## [Directions]
Only one stretch of the records below is wanted: the lines from the one holding "通过对黄金4小时图解析得知,昨日行情先跌" through the one holding "Плитка в ванную". Return it exactly, both ends included.

## [Data section]
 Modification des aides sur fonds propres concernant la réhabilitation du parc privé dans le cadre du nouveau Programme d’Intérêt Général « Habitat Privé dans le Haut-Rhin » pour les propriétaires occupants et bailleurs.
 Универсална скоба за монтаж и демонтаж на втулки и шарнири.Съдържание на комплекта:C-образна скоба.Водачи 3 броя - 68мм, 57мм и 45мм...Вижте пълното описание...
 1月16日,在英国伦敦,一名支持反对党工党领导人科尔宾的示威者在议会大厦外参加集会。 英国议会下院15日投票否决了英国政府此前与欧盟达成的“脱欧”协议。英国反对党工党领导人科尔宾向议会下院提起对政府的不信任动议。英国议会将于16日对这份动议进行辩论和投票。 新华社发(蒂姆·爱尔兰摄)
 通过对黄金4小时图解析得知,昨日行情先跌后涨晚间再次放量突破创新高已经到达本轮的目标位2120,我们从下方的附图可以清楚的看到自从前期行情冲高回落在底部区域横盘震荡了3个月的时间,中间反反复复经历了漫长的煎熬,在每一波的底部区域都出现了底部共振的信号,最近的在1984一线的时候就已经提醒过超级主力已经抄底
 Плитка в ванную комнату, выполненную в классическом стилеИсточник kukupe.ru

---

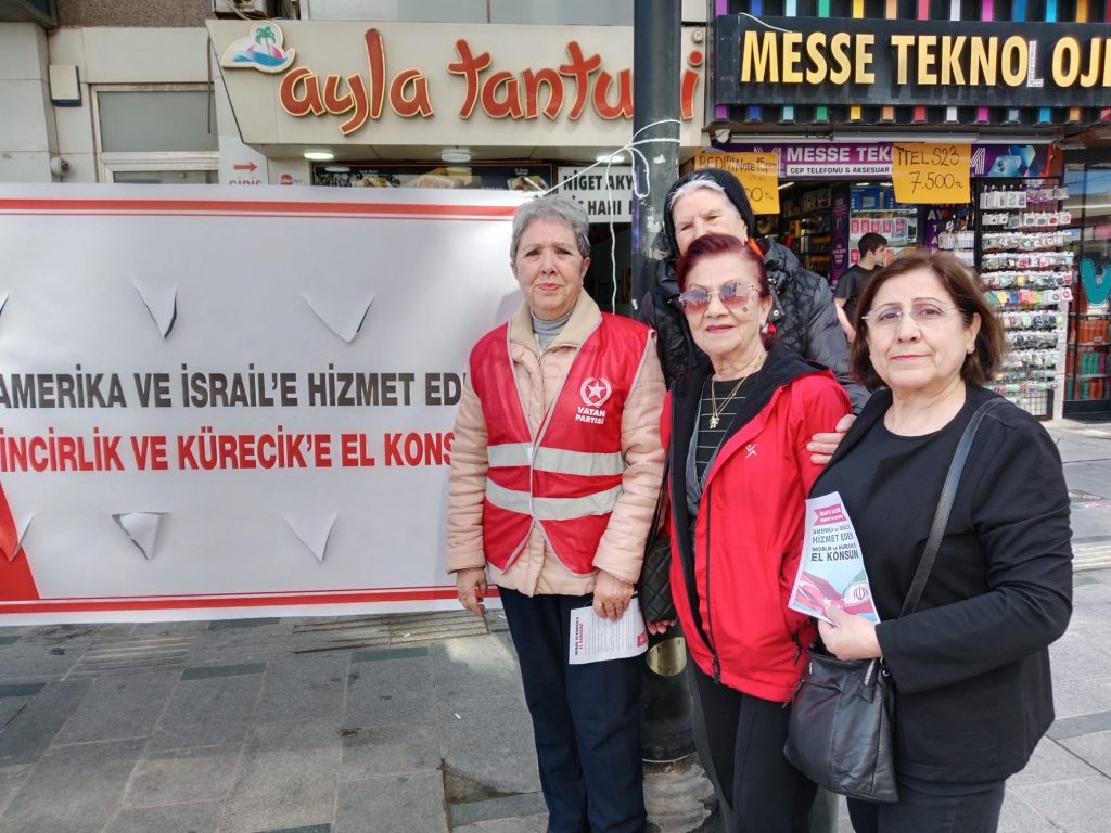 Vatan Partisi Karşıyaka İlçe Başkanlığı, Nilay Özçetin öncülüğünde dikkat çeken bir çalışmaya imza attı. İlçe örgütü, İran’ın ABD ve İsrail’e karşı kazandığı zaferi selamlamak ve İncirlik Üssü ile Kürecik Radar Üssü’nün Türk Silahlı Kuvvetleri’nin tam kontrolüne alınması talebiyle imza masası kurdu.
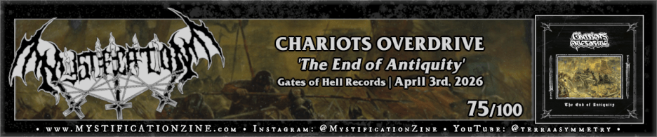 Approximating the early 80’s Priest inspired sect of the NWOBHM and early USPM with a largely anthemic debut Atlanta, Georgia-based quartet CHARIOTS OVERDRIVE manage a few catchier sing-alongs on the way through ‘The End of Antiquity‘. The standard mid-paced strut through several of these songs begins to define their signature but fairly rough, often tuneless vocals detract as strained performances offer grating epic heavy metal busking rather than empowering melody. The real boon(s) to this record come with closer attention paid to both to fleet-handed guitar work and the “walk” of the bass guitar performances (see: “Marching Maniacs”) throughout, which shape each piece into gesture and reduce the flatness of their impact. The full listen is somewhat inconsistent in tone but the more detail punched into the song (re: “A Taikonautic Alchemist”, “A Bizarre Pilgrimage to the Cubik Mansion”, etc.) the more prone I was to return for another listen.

## [Reply]
 通过对黄金4小时图解析得知,昨日行情先跌后涨晚间再次放量突破创新高已经到达本轮的目标位2120,我们从下方的附图可以清楚的看到自从前期行情冲高回落在底部区域横盘震荡了3个月的时间,中间反反复复经历了漫长的煎熬,在每一波的底部区域都出现了底部共振的信号,最近的在1984一线的时候就已经提醒过超级主力已经抄底
 Плитка в ванную комнату, выполненную в классическом стилеИсточник kukupe.ru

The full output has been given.